Mentions: Adult murine retinae were dissociated to single cells by using papain digestion. Within less than 2 hours of dissection, individual Müller glial cells were identified by their distinctive morphology (Fig. 1) and picked from a dish of dissociated cells with a micropipette. They were then washed, lysed, and subjected to reverse transcription. After a terminal transferase reaction to add A's to the 3′ end of the cDNA, 35 rounds of PCR were carried out by using modified oligo dT primers. cDNA preparations from five individual Müller glial cells were hybridized to Affymetrix Genechip® Mouse genome 430 2.0 arrays. These arrays provide almost complete coverage of the mouse genome with 45,000 probe sets. The identity of cells as Müller glial cells was confirmed by expression of known marker genes for Müller glia. Glutamine synthetase (Glul), clusterin (Clu), dickkopf homolog 3 (Dkk3) (Blackshaw et al., 2004), and S100 calcium binding protein A16 (Seigel et al., 1996) were successfully detected (Fig. 2 and Supplemental Fig. S1). All of the cells share expression of these key marker transcripts.

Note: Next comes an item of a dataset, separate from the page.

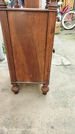 mobiletto in legno con ripiano in marmo. sportello con ripiano centrale e cassetto. misure in foto possibilità di visionare senza impegno. necessitavdi piccoli restauri.
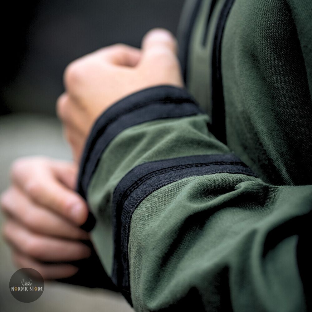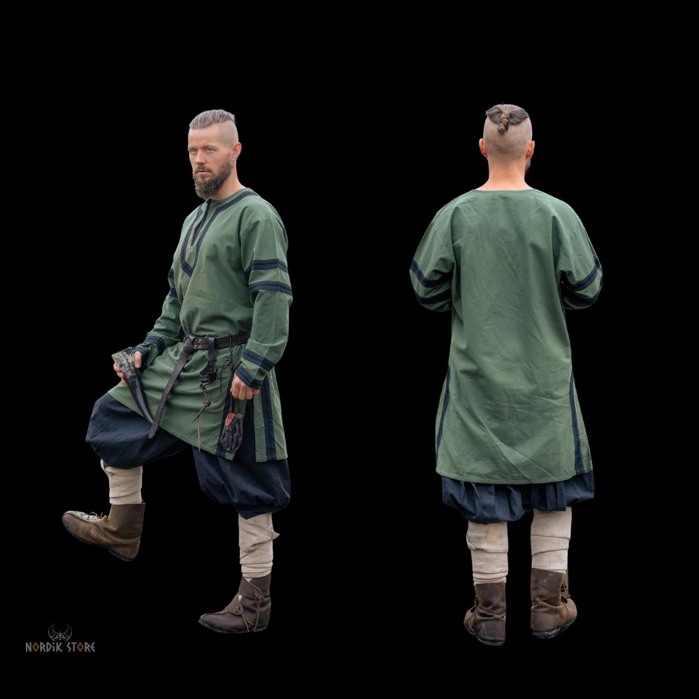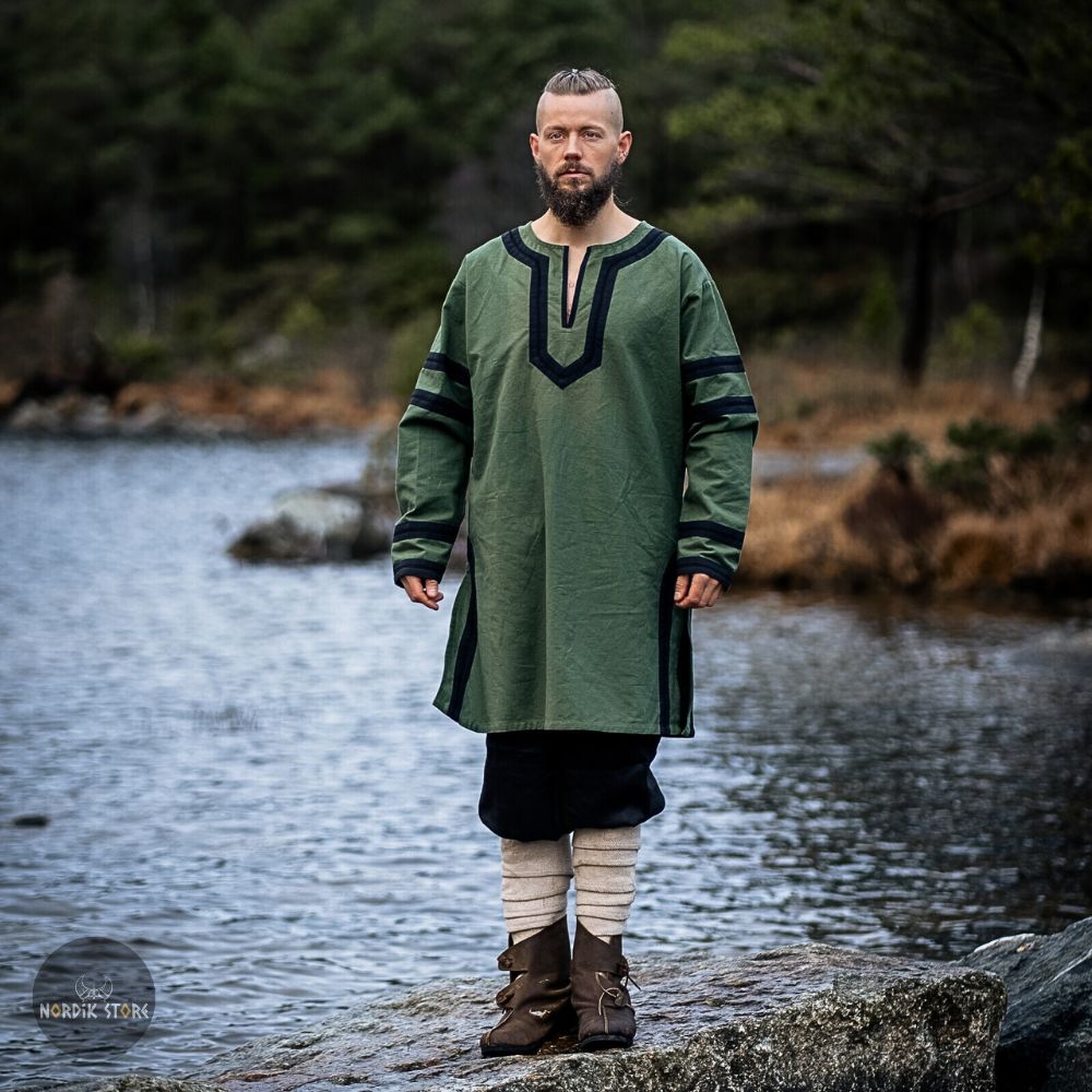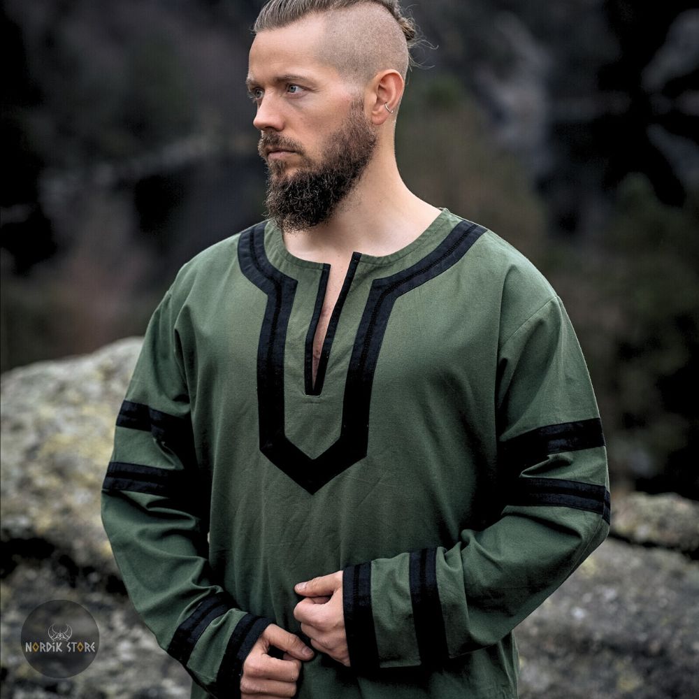La tunique viking Thorvald s’inspire directement des traditions vestimentaires scandinaves médiévales. Les Vikings, connus pour leur sens pratique, portaient des vêtements simples mais élégants, symboles de leur statut et de leur bravoure. Cette tunique verte rappelle la terre fertile de Scandinavie, berceau de légendes et de conquêtes. Son encolure en V ornée de motifs raffinés évoque la finesse artisanale du Nord, où chaque couture avait un sens spirituel et esthétique.

The transcriptome of retinal Müller glial cells.

Roesch K, Jadhav AP, Trimarchi JM, Stadler MB, Roska B, Sun BB, Cepko CL - J. Comp. Neurol. (2008)

Comparison of highly expressed transcripts in Müller glia with other retinal cell types. The 100 most highly expressed transcripts, averaged over the five single Müller glial cells (MGs) and sorted in decreasing order, are illustrated in a heat map and compared with their expression in other cell types. Values above 10,000 are represented in dark purple. Rows correspond to different genes (with abbreviated name and Affymetrix ID), and columns represent the single cell probes. Shown are 19 immature amacrine (ACs) and ganglion cells (RGCs), 2 immature rod photoreceptors (PRs) from postnatal day 0 (P0), and 2 mature rod photoreceptors (PRs) (Trimarchi et al., 2007).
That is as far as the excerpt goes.